The externs sndVars, sngVars and sndChannels are as follow:

Code:

typedef struct __attribute__ ((aligned(4))) {
s8 *mixBufferBase;
s8 *curMixBuffer;
u8 activeBuffer;
u32 smpsTilTick;
u32 smpsPerTick;
u32 mixFreq;
u32 rcpMixFreq;
u32 mixBufferSize;
} SND_VARS;

typedef struct __attribute__ ((aligned(4))) {
u32 gVol;
u32 mode;
u32 state;
u8 tickA;
u8 tickB;
u8 row;
... ... ...
} MOD_VARS;

typedef struct __attribute__ ((aligned(4))) {
u32 cnt;
u32 pos;
u32 inc;
u32 len;
u32 loopStart;
s8 *dat;
u32 freq;
} SND_CHANNEL;

...

SND_VARS sndVars;
MOD_VARS sngVars;
SND_CHANNEL sndChannels[9];

I know, I know... lots of room for optimization but I just wanna get this working first. Thanks a lot guys.

Oh, and BTW: I know... lots of old comments and typos lol...

Ruben wrote:

Code:

@ Mix down
.LChnActMix:
ldrb r11, [r10, r7, lsr #0x0C] @ r12 = *(char*)(r10+r11)
mul r11, r12, r6 @ r11 = r12 * r6 (CHN_VOL)

The comments do not match the code ... did you mean "ldrb r12, ..." ?

Some other points (for when it's actually working):

You don't need to save r0-r3 and r12 on the stack; the caller expects these to be clobbered.
IIRC, CpuFastSet (swi 0xC0000) is actually about 10% faster than DMA for filling large amounts of data (provided it's a multiple of 32 bytes long). if the situation allows for it, try using that some time as well. The swi's do have a substantial overhead though.
In .LChnActive, you're using stuff like "ldr r7, [r3, #0x04]!". You don't have to use write-back all the time. It's probably more readable if you didn't. Example:

Code:

ldr r7, [r3, #0x04] @ chn->pos
ldr r8, [r3, #0x08] @ chn->inc
ldr r9, [r3, #0x0C] @ chn->len
ldr r10, [r3, #0x14] @ chn->dat

This would also mean that the addition and subtraction you have now aren't necessary.

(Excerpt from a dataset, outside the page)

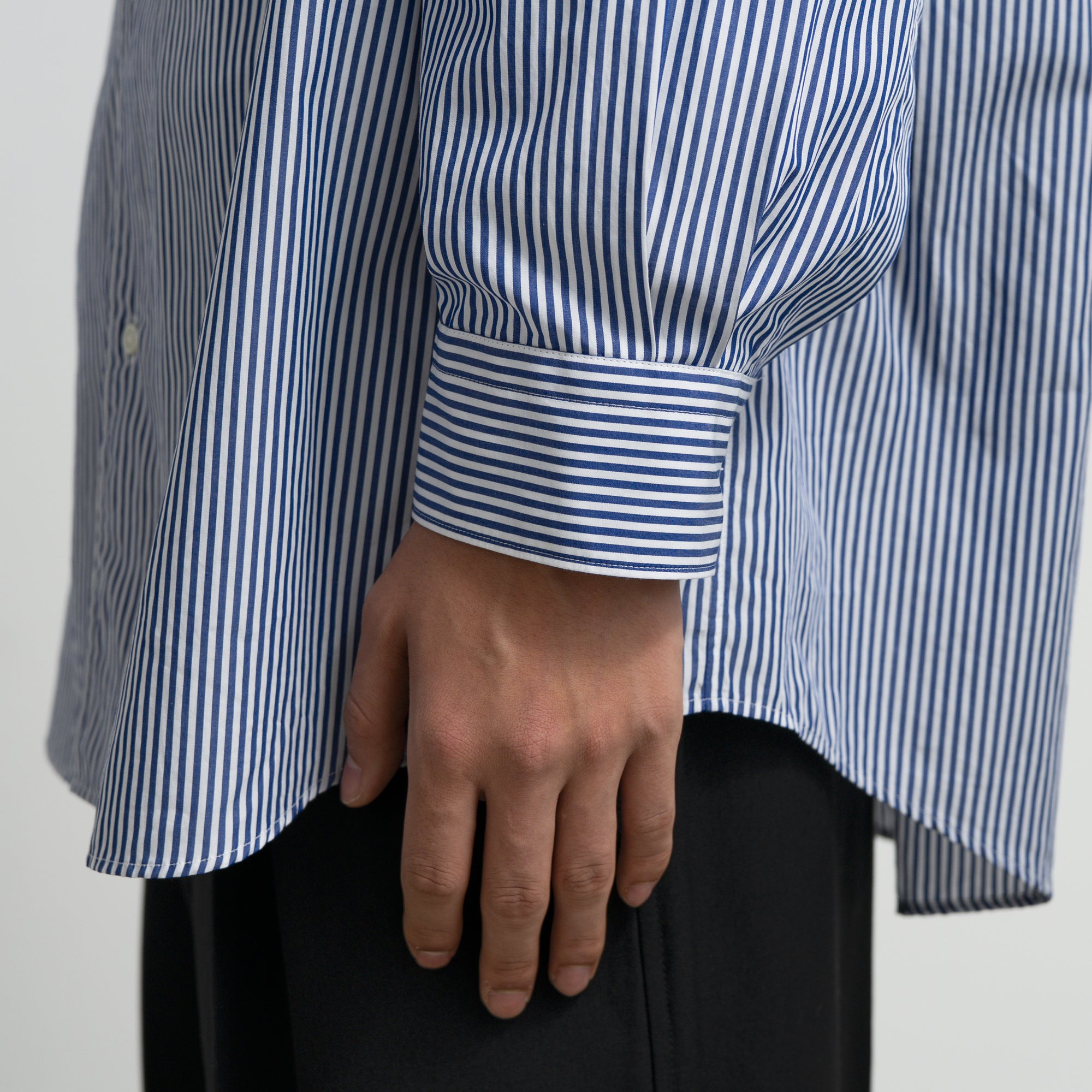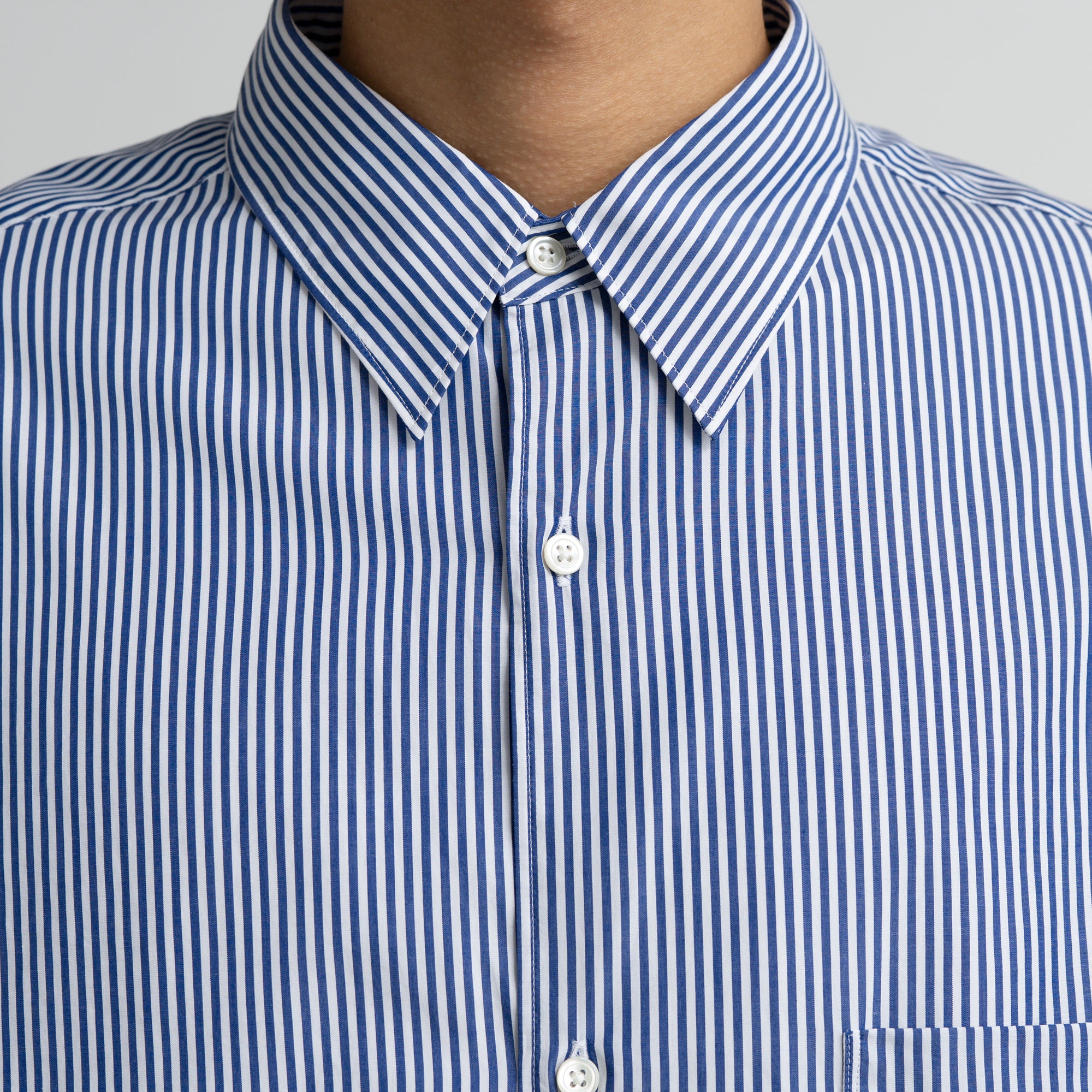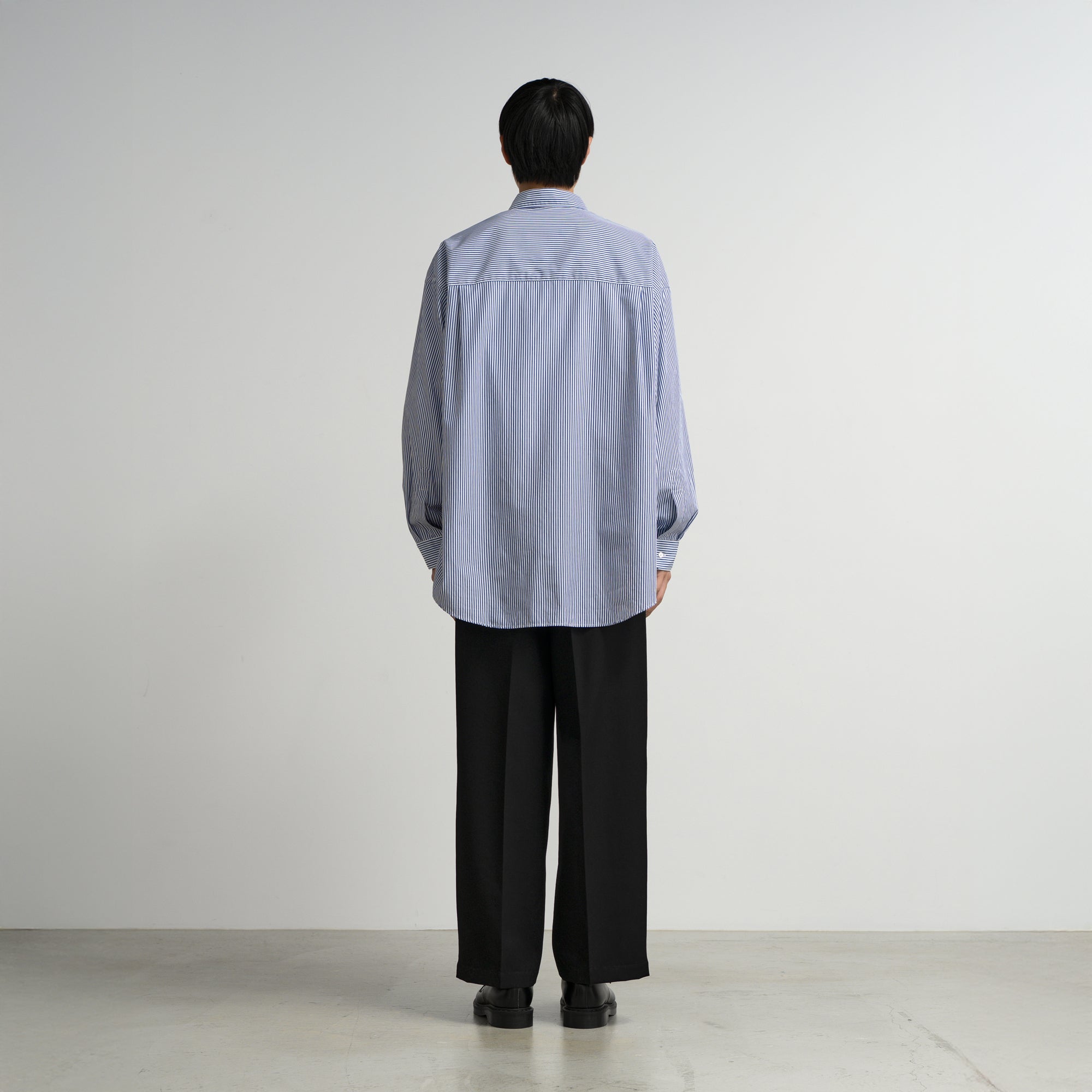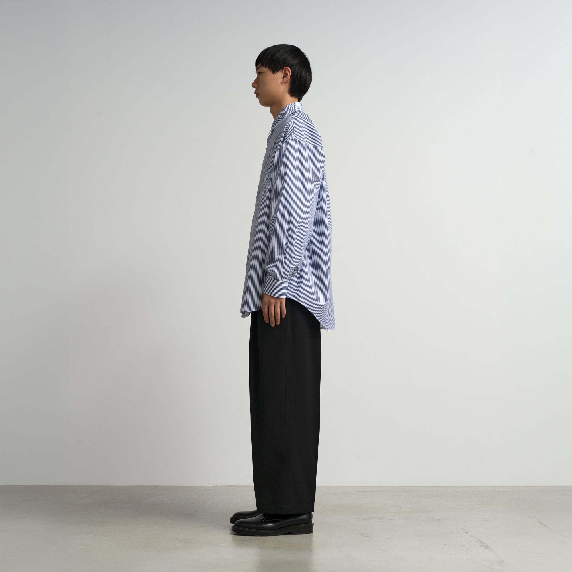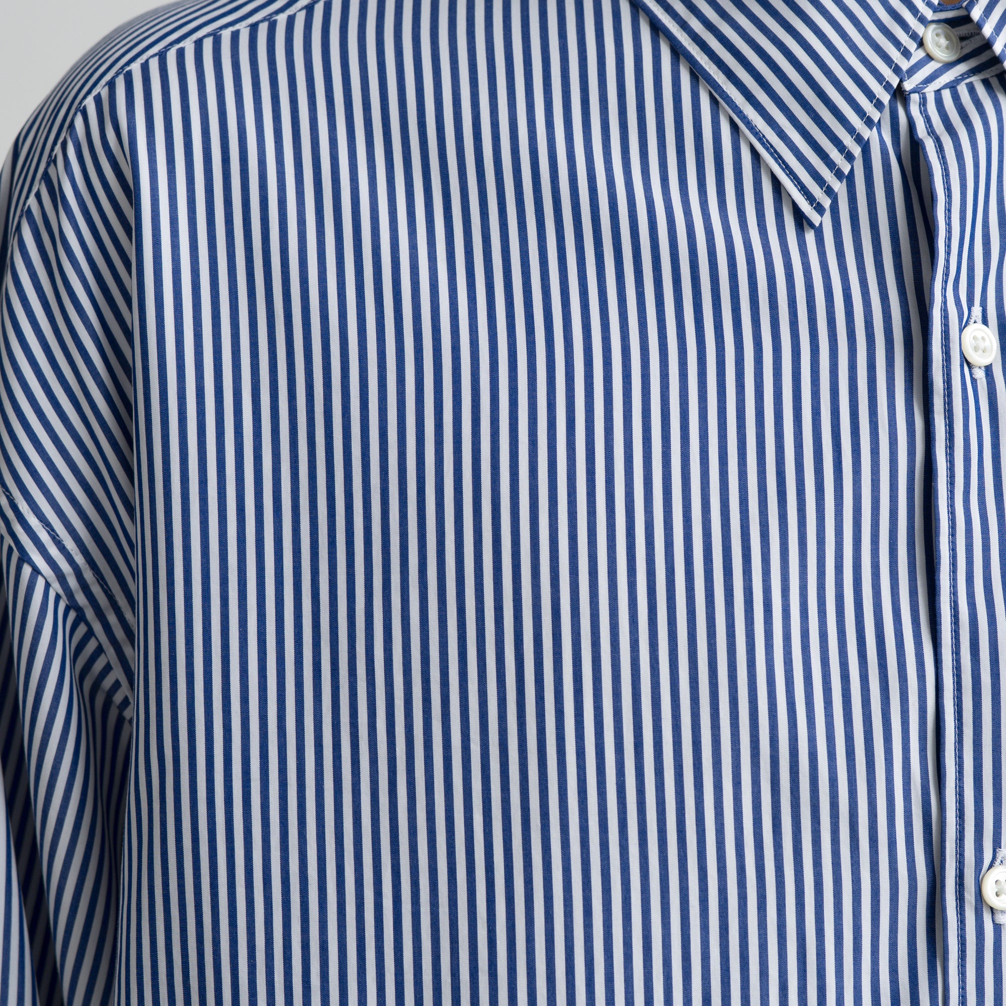 なめらかに整った繊維そのものの光沢感と、均一な撚りにより毛羽立ちにくい超長綿であるスーピマコットン。非常に繊細な糸番手で製織したストライプのブロード生地を使用。高級シーツにも使用されている生地で適度なハリと柔らかさがあり着心地が非常に良い。ドロップショルダーでボリュームのあるボックスシルエット。オーセンティックなレギュラーカラー。

Of course, if you want to be 1337 (and fast), you could use something like "ldmib r3, {r7-r9}", but you'd have to be careful where your pointer ends up. (Note: untested, but I think it should work.)

On

Code:

.LChnEnd:
ands r11, r4, #0x02
beq .LChnSmpEnd

.LChnSmpEndLoop:
ldr r11, [r3, #0x14]
mov r7, r11
b .LChnLink
.LChnSmpEnd:

Conditional opcodes are teh awesome:

Code:

.LChnEnd:
tst r4, #0x02 @ like ands, but sans extra register
ldrne r7, [r3, #0x14] @ .LChnSmpEndLoop:
bne .LChnLink
.LChnSmpEnd:

In

Code:

ldrsh r12, [r5]
add r11, r11, r12
strh r11, [r5]
add r5, r5, #0x02

The store and addition can be combined. "strh r11, [r5], #2" would increment r5 by 2 after the store. Something similar is also useful in the down-sample part, which, if I read it correctly, currently decrements the pointers before the loop so that the "Rd, [Rn, Op2]!" parts work properly inside it.
Have you checked what the compiler makes of it, by the way? The code doesn't seems too complicated, and I'm not sure the compiler would come up with something that much slower. That said, it's still a nice exercise :)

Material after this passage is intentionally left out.